Imagine, if you would, a cup.
Maybe it’s your favorite cup.
Now imagine that you want a cup of hot coffee.
You reach for your cup but, to your chagrin, you find that it is full of pens, gum wrappers, coins, paperclips, bits of broken crayons, a few wadded up receipts, and a couple of rubber bands.
What do you do?
Now, don’t say you would just get another cup out of the cupboard. There is no cupboard in this metaphor. That cup right there is your only choice.
So you do the logical thing: you empty the cup!
How about another example?
Your refrigerator is full, but you have some leftover takeout, or birthday cake, or a lovely casserole that your neighbor brought over and you need to put it in the fridge.
What do you do?
You make space in the fridge!
Here’s another one:
Your closet is full of clothes from the winter, but it’s now spring and you need a new wardrobe.
What do you do?
You clean out your closet, making space for the new clothes, right?
You get the picture.
What does this have to do with creativity?
EVERYTHING!
If you don’t have the internal space for creativity, you cannot—I repeat, cannot—live up to your full creative potential.
You see, creativity requires space. Space for thinking. Space for feeling. Space for dreaming. Space for new ideas. Space for surprise.
If, like most people, your internal space is all filled up—with over-busy-ness, with worry, with regret, with work, with homework, with household obligations, with over-commitment, with plans and to-do lists and unnecessary obligations that you take on out of a sense of guilt or a need to please—then you have no room for creativity.
So if you find yourself struggling for every line, fighting for every word…
Get empty.
How each one of us does that is different.
For some, it might mean completing necessary tasks that are weighing on the mind, like cleaning out the garage or finishing classes.
For others, it might mean taking on fewer responsibilities at home or at work, changing jobs altogether, or simply going on a vacation to de-stress.
It might mean learning to say “no” when people ask you to commit to yet another unnecessary obligation.
In my case, it meant consciously making the decision to stop overloading my brain.
You see, I have this crazy obsession with learning.
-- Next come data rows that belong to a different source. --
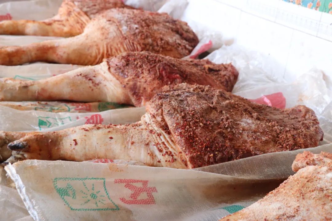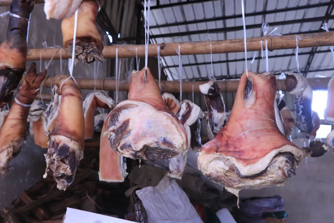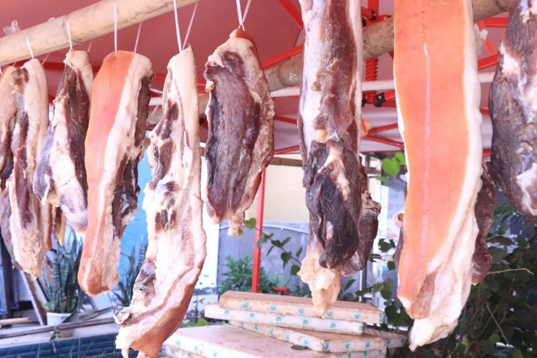吃完杀猪饭后,大家还要忙着整理分类猪肉,有些肉留着年夜饭享用,有些肉用来腌制腊肉、火腿,有些肉用来灌香肠,伴随着柴烟袅袅升入半空,家家户户的房檐、栏杆都会被腊肉挂满。
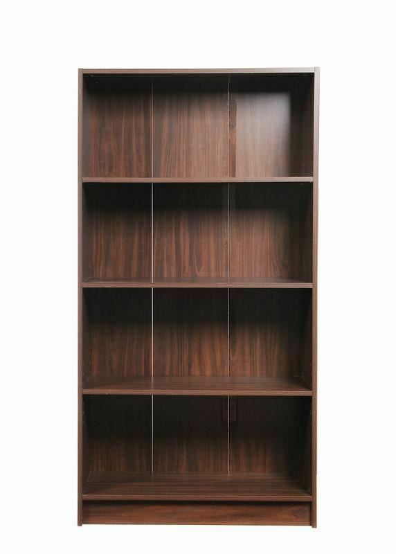 4 Tier Bookcase Tall Display Shelving Storage Unit Wood Furniture Walnut
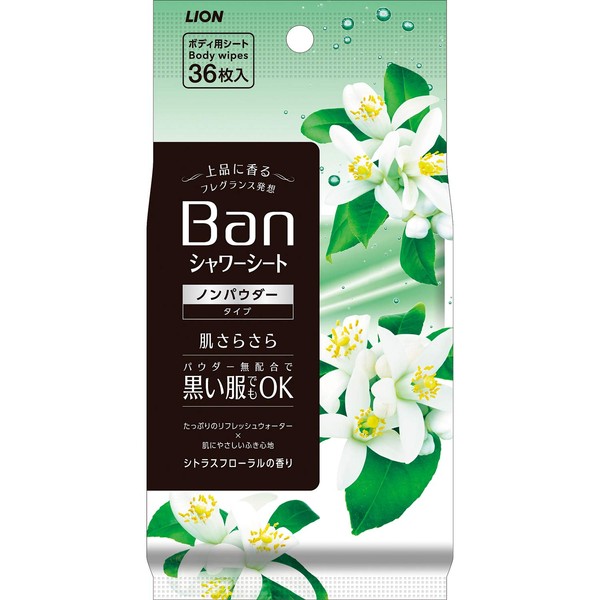 Ban Refreshing Shower Sheet, Non-Powder Type, Citrus Floral Scent, 36 Sheets x 1
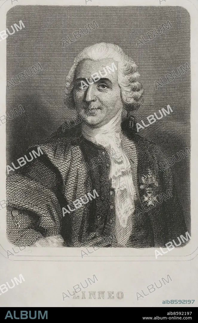 CHARLES GEOFFROY (1819-1882). FRENCH ENGRAVER.. Carl Linnaeus (1707-1778). Swedish naturalist and botanist. He established binomial nomenclature. Portrait. Engraving by Geoffroy. "Historia Universal", by César Cantú. Volume VI. 1857.

I am always trying to improve myself, learn new skills, and pack more value into my “toolbox.” At any given moment, I have at least ten tabs open in my browser to various blog posts that are on my reading list, plus at least three books that I am in the middle of reading. Add to that a grad school class or two and my cup literally runneth over.
I was running around, learning all these great things, but I had a horrible case of writer’s block. I would dutifully sit down every day with my work-in-progress but I could not write one single paragraph.
One morning, the problem hit me. So I hit the brakes. Screech!
I was overloaded. Sure I had all this great new information swirling around inside my head and that should have been fantastic fodder for creativity—but it was more like a complete roadblock.
I consolidated my learning, cleared out my browser, and toned everything way down.
I made space.
I got empty.
And then something amazing happened. I did something that I absolutely love–something that is a passion of mine–but that I haven’t done at all for the past two years.
I worked in my garden. I cleaned out the beds, dumped the compost bin into them and worked the soil. I went to the nursery and bought tomato plants, pepper plants, and squash plants, and then I planted them. Now, every day I spend some time out in the garden, watering, weeding, or just sitting.
My writer’s block is gone.
You see, the very act of emptying our internal cup allows space not only for creativity, but also for the soul to recharge. And only then, when our batteries are fully charged, can we live up to our full creative potential.